View this report as an mbox folder, status mbox, maintainer mbox


Report forwarded to debian-bugs-dist@lists.debian.org, Rogério Brito <rbrito@ime.usp.br>:
Bug#874321; Package youtube-dl. (Tue, 05 Sep 2017 02:15:04 GMT) (full text, mbox, link).


Acknowledgement sent to Joey Hess <id@joeyh.name>:
New Bug report received and forwarded. Copy sent to Rogério Brito <rbrito@ime.usp.br>. (Tue, 05 Sep 2017 02:15:04 GMT) (full text, mbox, link).

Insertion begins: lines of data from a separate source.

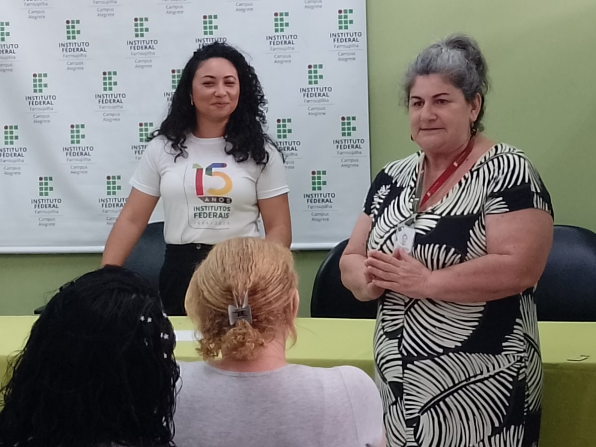 A solenidade ainda contou com a servidora Rosângela Bittencourt Mariotto diretora geral substituta do IFFar; Denise Valduga Batalha coordenadora institucional do Programa Mil Mulheres, Douglas Dalla Nora Diretor de Pesquisa, Extensão e Produção; Aline Bosak dos Santos coordenadora de extensão e Aires da Silva Dorneles coordenador adjunto do Programa Mil Mulheres no IFFar Campus de Alegrete.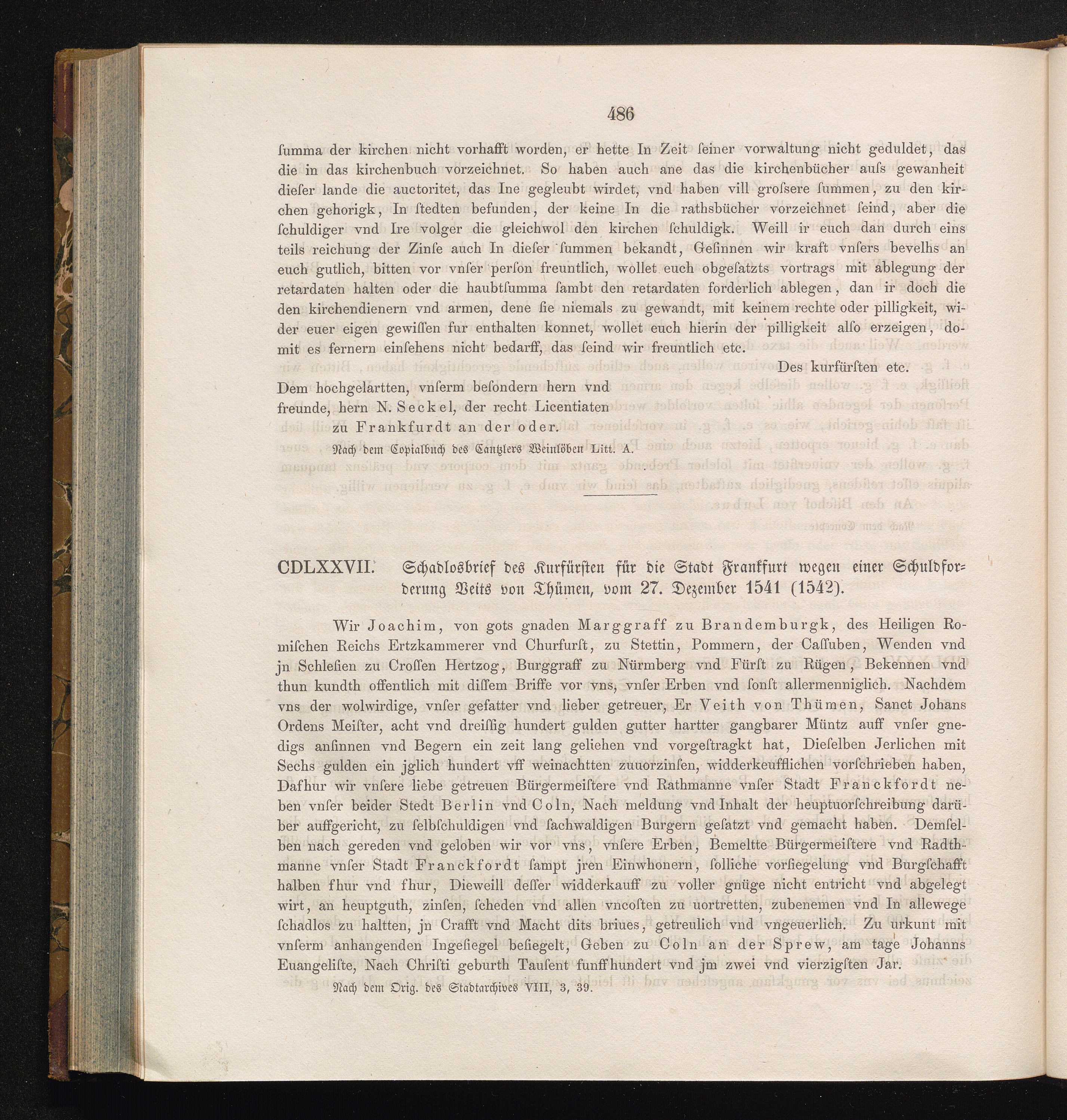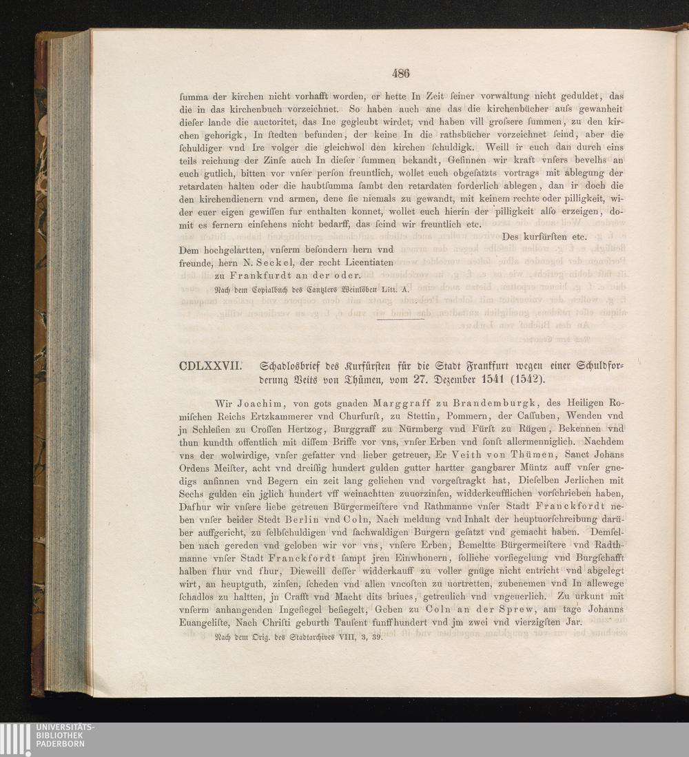 CDLXXVII. Schadlosbrief des Kurfürsten für die Stadt Frankfurt wegen einer Schuldforderung[...]
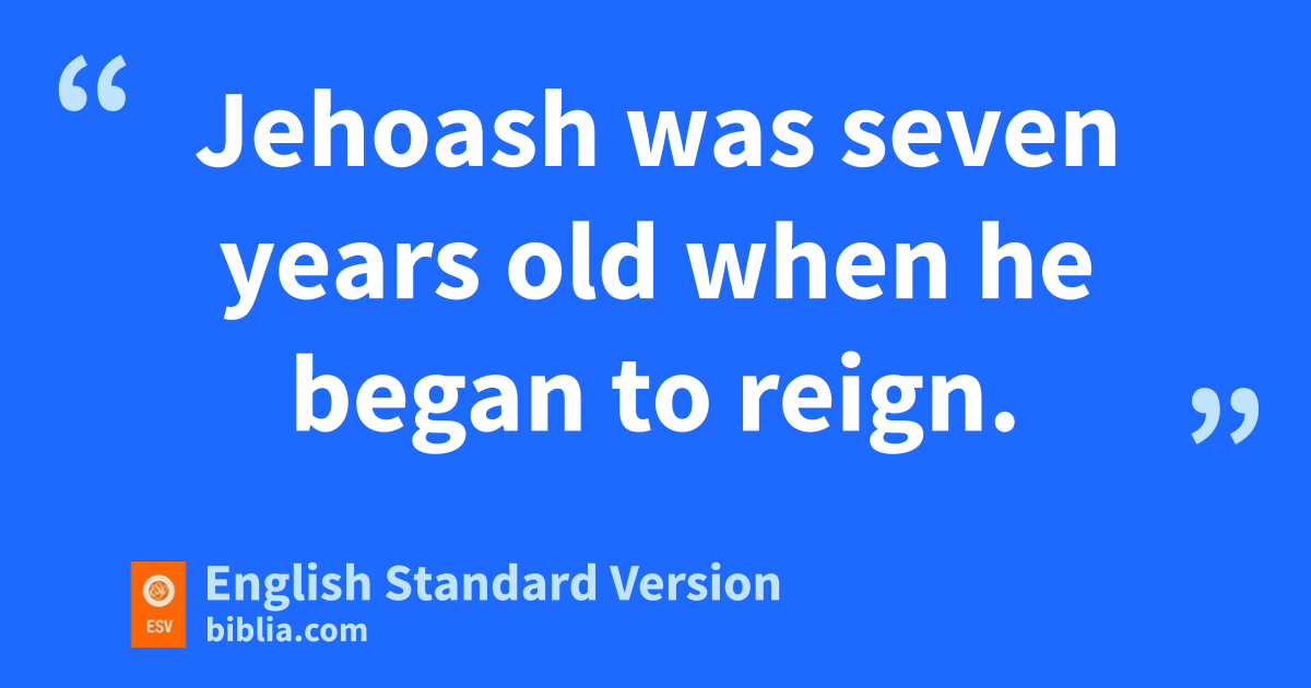 11 uNow when vAthaliah the mother of Ahaziah saw that her son was dead, she arose and destroyed all the royal family. 2 But Jehosheba, the daughter of King Joram, sister of Ahaziah, took wJoash the son of Ahaziah and stole him away from among the king’s sons who were being put to death, and she put1 him and his nurse in a bedroom. Thus they2 hid him from Athaliah, so that he was not put to death. 3 And he remained with her six years, hidden in the house of the Lord, while Athaliah reigned over the land.
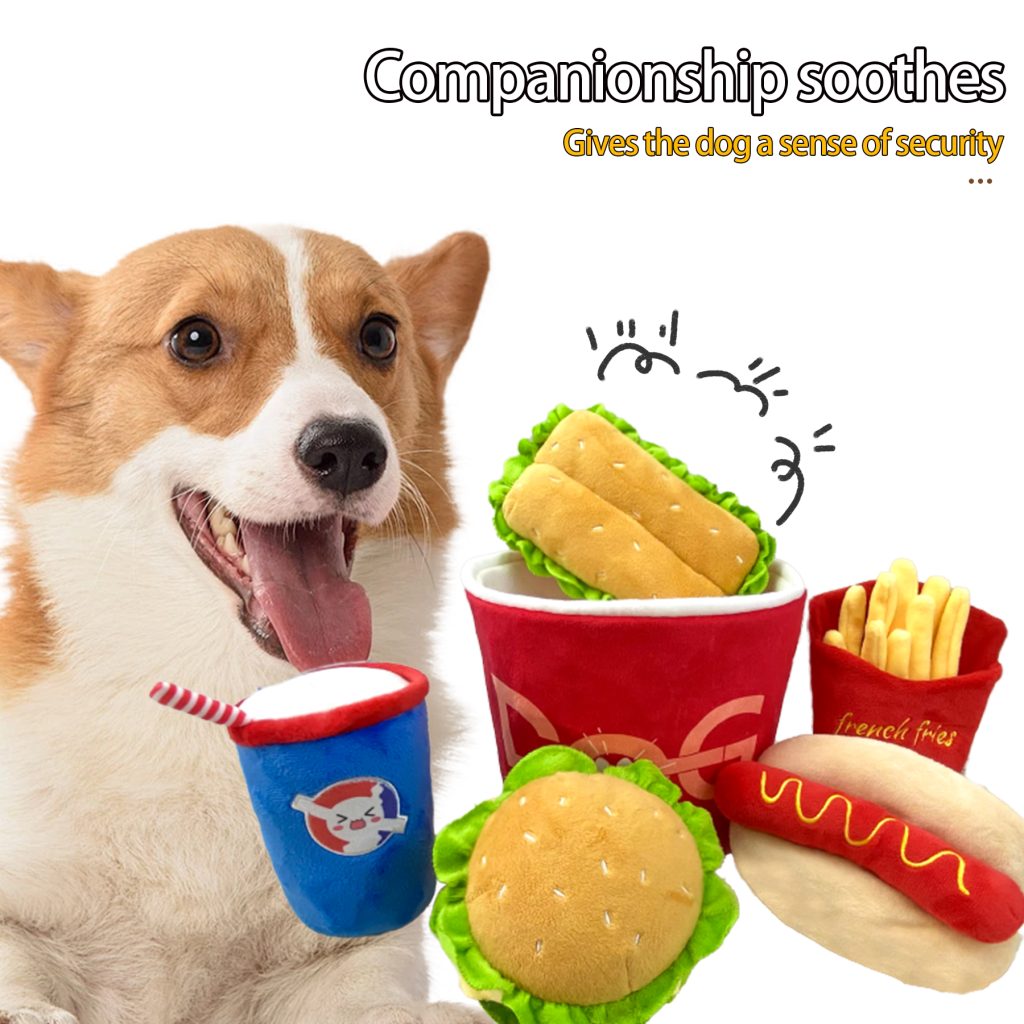 Bring your pet a “delicious” fun experience! Inspired by human fast food favorites, this burger toy set includes plush versions of burgers, hot dogs, fries, and soda cups—all featuring vibrant colors and realistic designs.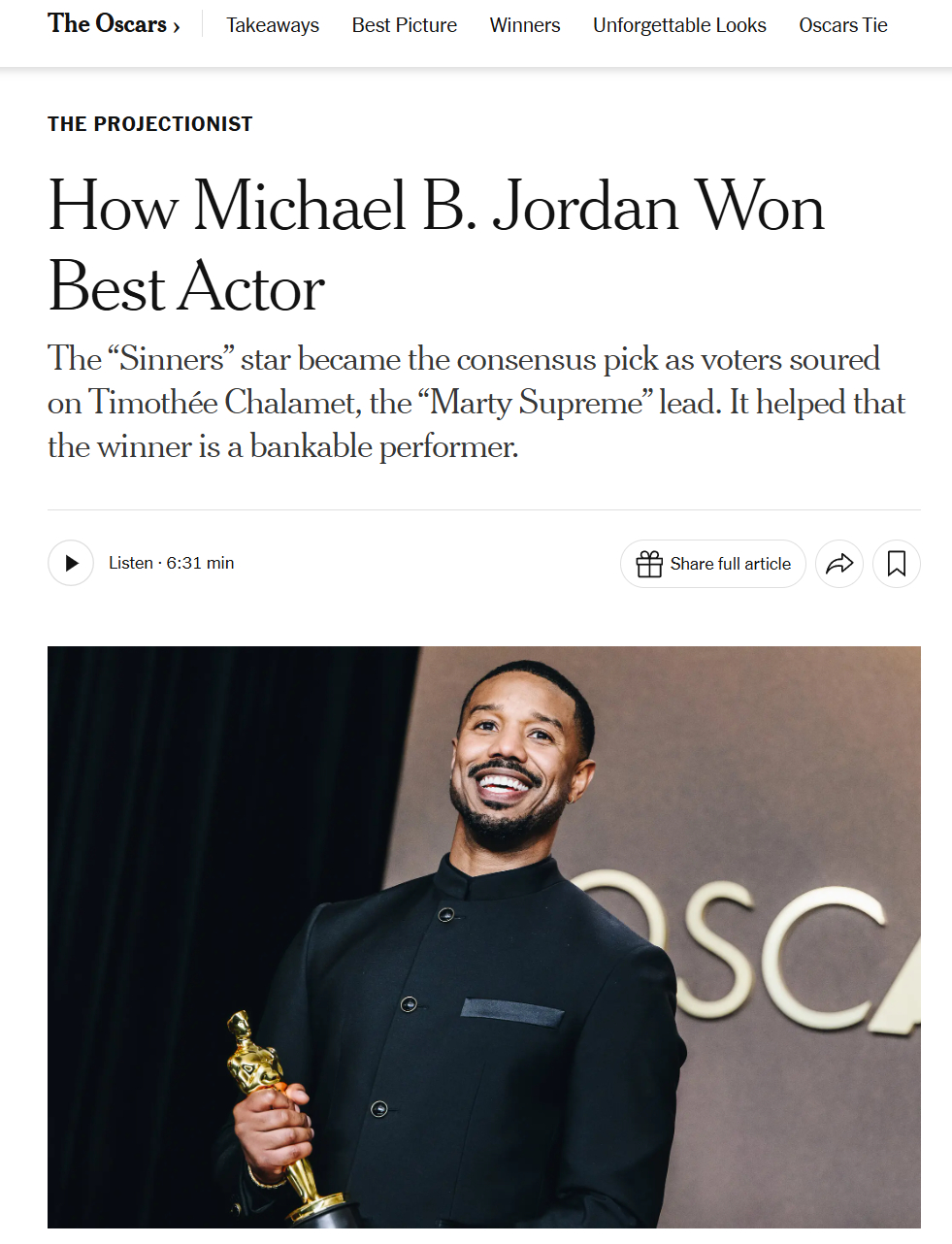 TNABO 《纽约时报》记者凯尔·布坎南分析:迈克尔·B·乔丹如何实现翻盘,能在四大风向标中只有演员工会支持的情况下夺得奥斯卡最佳男主角(历史头一次出现SAG自己捧出影帝),完成首提首中;以及前期呼声很强的提摩西·查拉梅为何到后期失去了学院的好感,并在投票几乎结束时的发酵争议中看到不满情绪爆发

Message #5 received at submit@bugs.debian.org (full text, mbox, reply):

From: Joey Hess <id@joeyh.name>
To: Debian Bug Tracking System <submit@bugs.debian.org>
Subject: backtraces from generic extractor: "Compressed file ended before the end-of-stream marker was reached"
Date: Mon, 4 Sep 2017 22:12:54 -0400
[Message part 1 (text/plain, inline)]
Package: youtube-dl
Version: 2017.05.18.1-1
Severity: normal

joey@darkstar:~>youtube-dl  http://debian.org/
[generic] debian: Requesting header
[redirect] Following redirect to http://www.debian.org/
[generic] www.debian: Requesting header
WARNING: Falling back on generic information extractor.
[generic] www.debian: Downloading webpage
Traceback (most recent call last):
  File "/usr/bin/youtube-dl", line 11, in <module>
    load_entry_point('youtube-dl==2017.5.18.1', 'console_scripts', 'youtube-dl')()
  File "/usr/lib/python3/dist-packages/youtube_dl/__init__.py", line 465, in main
    _real_main(argv)
  File "/usr/lib/python3/dist-packages/youtube_dl/__init__.py", line 455, in _real_main
    retcode = ydl.download(all_urls)
  File "/usr/lib/python3/dist-packages/youtube_dl/YoutubeDL.py", line 1896, in download
    url, force_generic_extractor=self.params.get('force_generic_extractor', False))
  File "/usr/lib/python3/dist-packages/youtube_dl/YoutubeDL.py", line 771, in extract_info
    return self.process_ie_result(ie_result, download, extra_info)
  File "/usr/lib/python3/dist-packages/youtube_dl/YoutubeDL.py", line 832, in process_ie_result
    extra_info=extra_info)
  File "/usr/lib/python3/dist-packages/youtube_dl/YoutubeDL.py", line 760, in extract_info
    ie_result = ie.extract(url)
  File "/usr/lib/python3/dist-packages/youtube_dl/extractor/common.py", line 433, in extract
    ie_result = self._real_extract(url)
  File "/usr/lib/python3/dist-packages/youtube_dl/extractor/generic.py", line 1942, in _real_extract
    full_response = self._request_webpage(request, video_id)
  File "/usr/lib/python3/dist-packages/youtube_dl/extractor/common.py", line 502, in _request_webpage
    return self._downloader.urlopen(url_or_request)
  File "/usr/lib/python3/dist-packages/youtube_dl/YoutubeDL.py", line 2106, in urlopen
    return self._opener.open(req, timeout=self._socket_timeout)
  File "/usr/lib/python3.5/urllib/request.py", line 472, in open
    response = meth(req, response)
  File "/usr/lib/python3/dist-packages/youtube_dl/utils.py", line 981, in http_response
    uncompressed = io.BytesIO(gz.read())
  File "/usr/lib/python3.5/gzip.py", line 274, in read
    return self._buffer.read(size)
  File "/usr/lib/python3.5/gzip.py", line 480, in read
    raise EOFError("Compressed file ended before the "
EOFError: Compressed file ended before the end-of-stream marker was reached

I'm able to reproduce this over an Excede satelite internet connection,
but not from a VPS. There's some transparent proxying involved,
which is apparently confusing the gzip Content-encoding support in
youtube-dl. (I have not seen the transparent proxying cause any
other problems with other programs.) Only http urls cause the problem,
since https bypasses the transparent proxy.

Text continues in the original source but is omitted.